You are not alone. You have a voice, even if the prosecutor declined to file charges or a jury acquitted the person who assaulted you. A civil lawsuit runs on different rules entirely. The bar to clear is lower, and what you can win looks different too.
The Atlanta sexual assault attorneys at Kermani LLP handle cases across Georgia with a trauma-informed approach: free first consultation, strict confidentiality, Jane Doe or John Doe pseudonym filings, meetings wherever you feel safe, and conversations in your native language. You pay us nothing until we win a verdict or secure a settlement for you.
The Difference Between Criminal and Civil Sexual Assault Cases
Police and the District Attorney handle criminal prosecution. Their job: prove guilt beyond a reasonable doubt and put the attacker in prison. The standard is intentionally high. Someone's freedom is on the line.
Our job is different. We file a civil lawsuit under the preponderance of the evidence standard: roughly 51 percent certainty, versus something close to 99 in a criminal trial. That gap matters more than most survivors realize. All we have to show is that more likely than not, the assault happened and someone is legally responsible.
You can win a civil case even if the prosecutor never filed, even if the grand jury returned no indictment, the trial ended in acquittal, or the attacker was never identified.
In the criminal case, you are a witness for the state. In the civil case, you are the plaintiff. You direct strategy, you decide whether to settle, and compensation goes to you, not the government. For a rape attorney in Atlanta, Georgia, the civil track often matters more than the criminal one. It reaches money and institutions, and a prosecutor's decision can't kill it.
Which, for most survivors, is exactly the point.
Holding Property Owners Accountable: Negligent Security
Most attackers don't have money or a million-dollar insurance policy. Apartment complexes, hotels, parking decks, shopping centers, and university campuses do. Sounds cynical maybe, but it's how survivors actually get paid. Georgia's civil strategy here comes down to one move: find the deep pocket, the organization whose negligence set the stage.
The foundation is O.C.G.A. § 51-3-1. The statute places a duty on any owner or occupier of land to exercise ordinary care in keeping the premises and approaches safe for people who come by express or implied invitation. This area of law is called premises liability.
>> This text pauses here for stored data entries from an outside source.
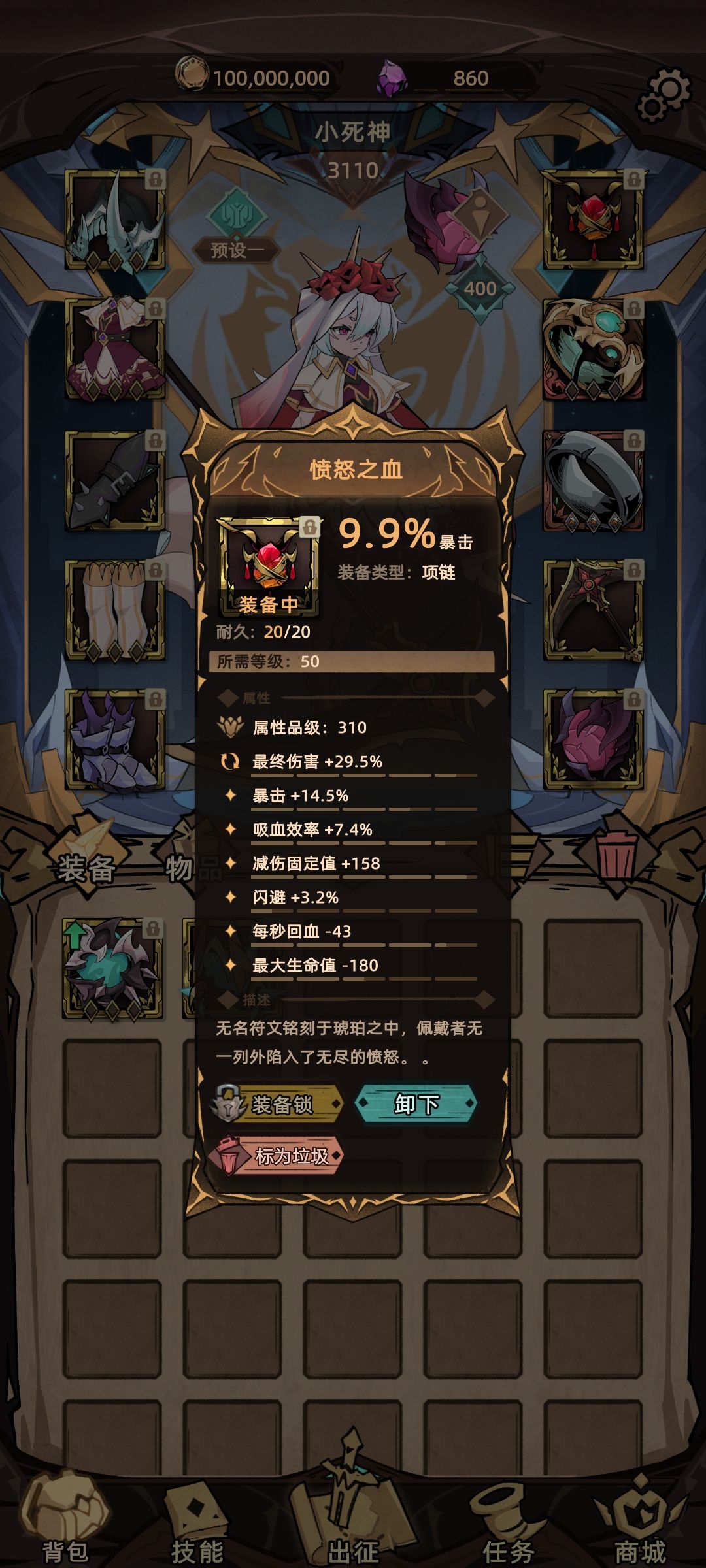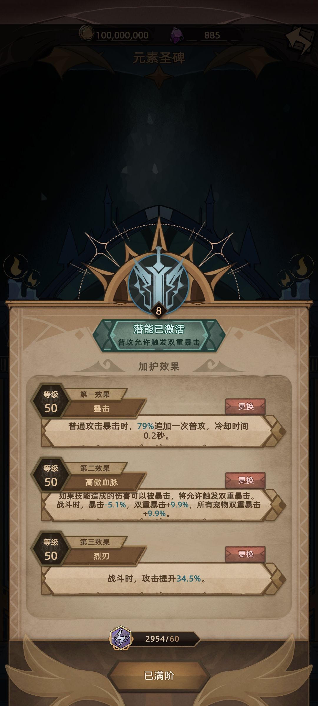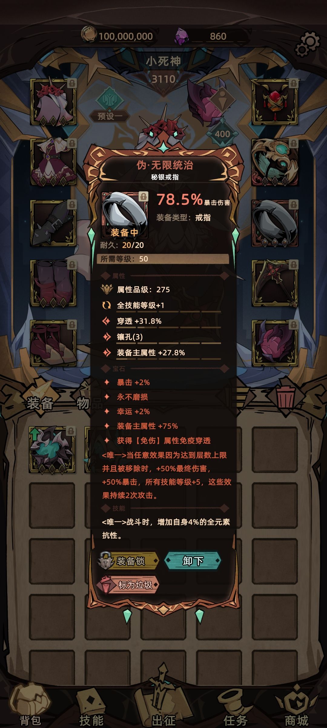 伪无限统治,基本上全程触发,这个是随便做的,后面做更好的,3主属或者2主属+暴击伤害。
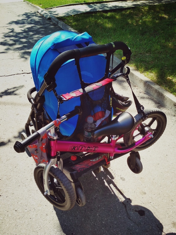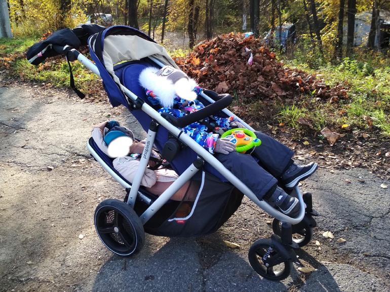 - старший ребенок ходит сам, да, но он идет в _нужном ему_ направлении и с _нужной ему_ скоростью, а маленького надо укачать с большей скоростью движения, к тому же с коляской в зубах я не могу резко дернуться по кустам за старшим, вдруг убегающим к дороге.
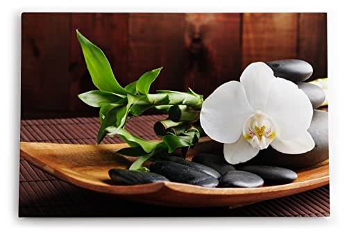Dazzlewall Serene Zen Wanddeko, Beruhigende Blaue Orchidee & Gestapelte Steine Wandbilder für Yoga Meditation Spa Büro Schlafzimmer Wohnzimmer Ohne Rahmen 30x40 cm
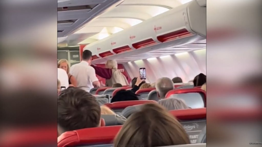 Τότε λέγεται ότι παρήγγειλε ένα τζιν τόνικ, αλλά ένα μέλος του πληρώματος της καμπίνας φέρεται να της πήρε το ποτό αφού έγινε όλο και πιο επιθετική. Το βίντεο δείχνει έναν άνδρα από το προσωπικό της πτήσης να σκύβει και να προσπαθεί να την ηρεμήσει.
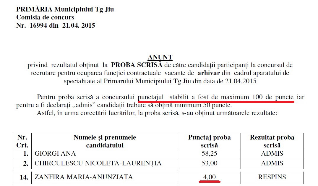 Dacă soțul ”duamnei” n-ar fi ofițer în Inspectoratul Județean de Poliție Gorj, s-ar declanșa imediat o anchetă penală, mai ales că, în urmă cu numai câteva luni, Zanfira Maria Anunziata a luat doar 4 puncte din 100 posibile, adică nota 1 și ceva, la un concurs similar organizat de Primăria Târgu Jiu.
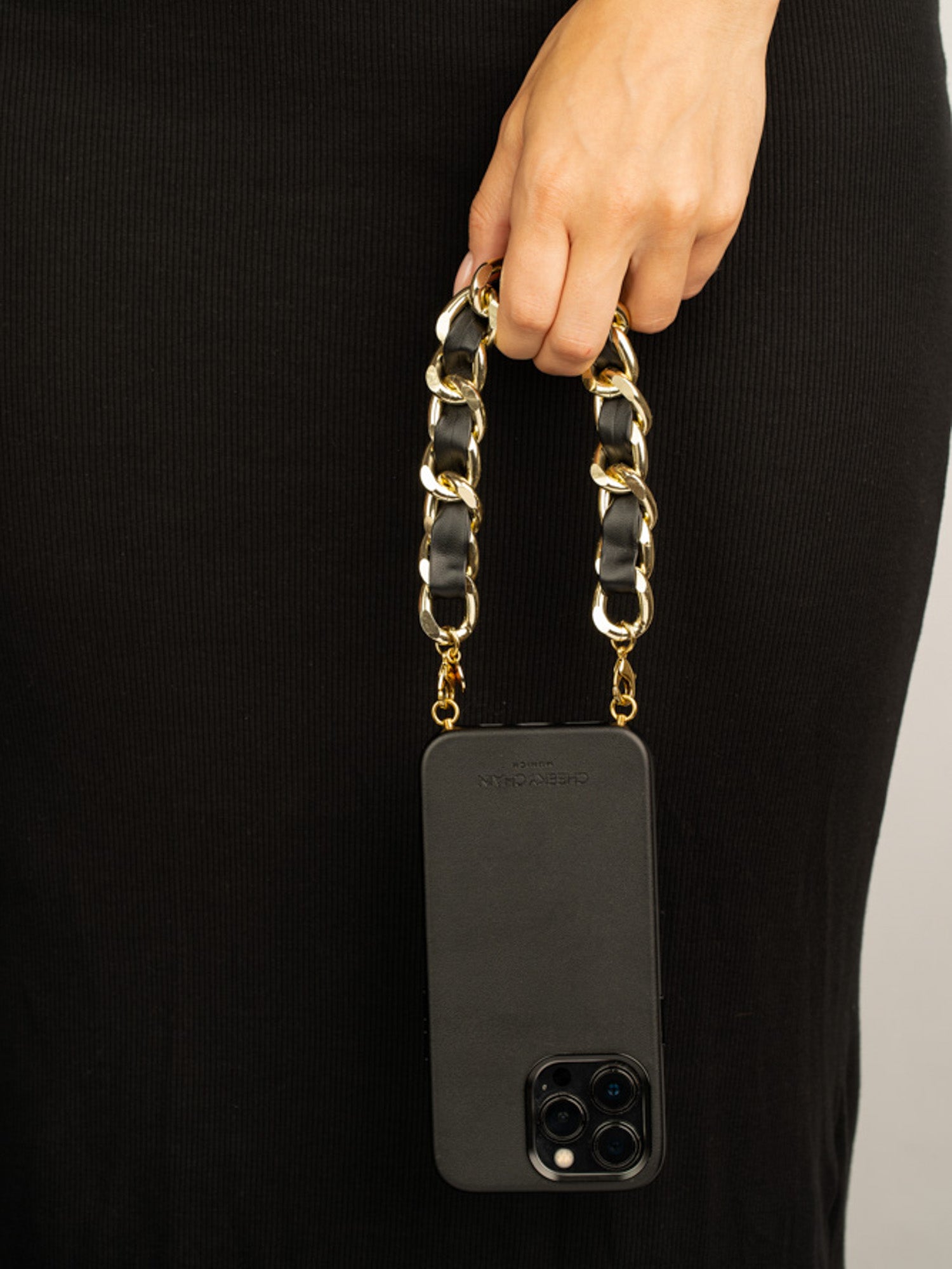 This elegant flat curb chain with steel clasps - combined with one of our cases - makes the perfect accessory for your smartphone.
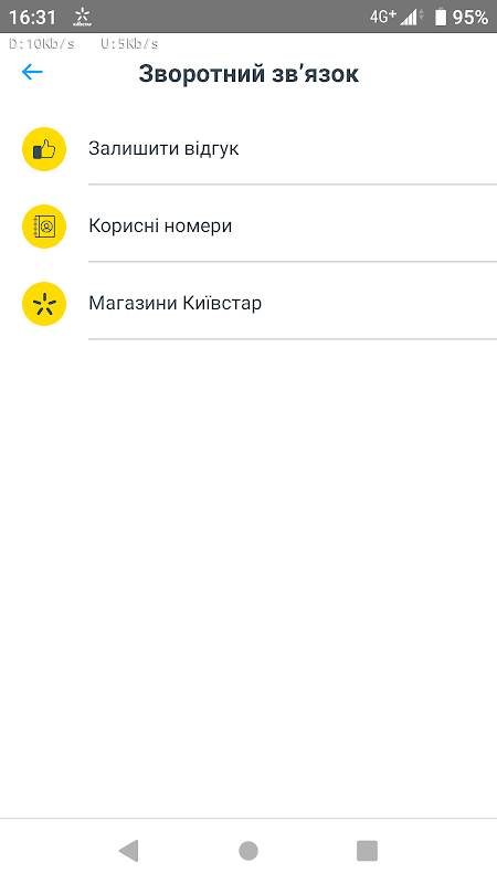 Con la ayuda de la aplicación, puede notificar al operador sobre el estado insatisfactorio de los servicios de comunicación (por ejemplo, dificultades con las llamadas o con Internet), utilizando la sección "Informar de un problema" de la aplicación.
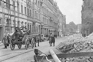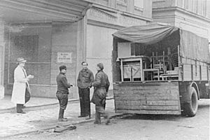 Evakuierung von Möbeln durch Zwangsarbeiter vor dem Möbelhaus Rincklake
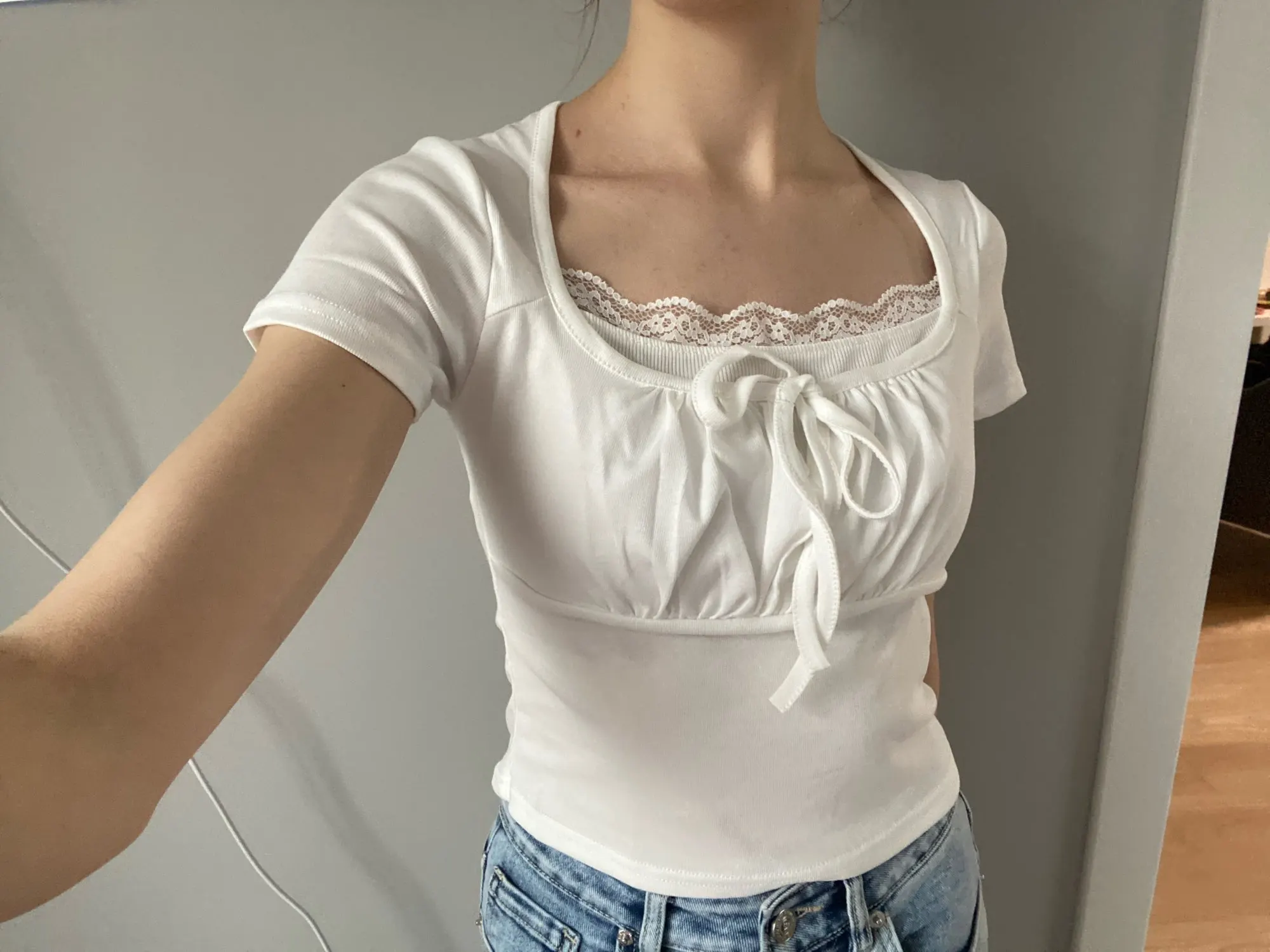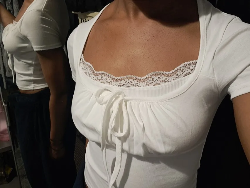 - Short sleeves with delicate lace detailing, perfect for warm summer days
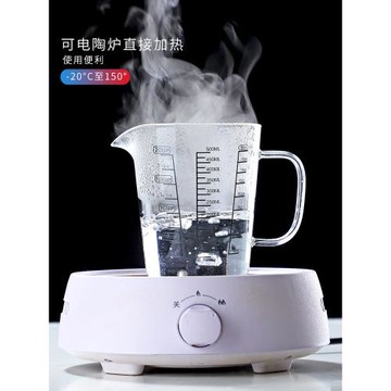 家用量杯玻璃杯刻度牛奶杯燕麥早餐杯大容量杯子帶蓋勺大人奶茶杯

When applied to assault cases, it goes by negligent security.
Three things have to come together:
- The owner knew or should have known about prior attacks, robberies, or other criminal activity on the property or nearby.
- Reasonable security measures (lighting, cameras, functioning locks, guards, access control) were missing or broken.
- That security failure was a substantial factor in what happened to you.
Our Result: $7 Million for a Parking Lot Assault in Atlanta
In 2024, Kermani LLP secured a $7 million recovery for a client sexually assaulted in the parking lot of an Atlanta apartment complex. The attacker was never identified. Through aggressive depositions and tens of thousands of pages of documents pulled in discovery, we showed the property owner had known about prior incidents on the property for years, never closed the lighting and security gaps, and concealed disclosures it was legally required to make.
That result shapes how we approach this work. Suing an attacker with empty pockets accomplishes nothing. Even a verdict against him is a piece of paper you can't cash. The point is to expose corporate negligence and reach the insurance policy that can actually pay for lifelong therapy, lost earnings, and real harm.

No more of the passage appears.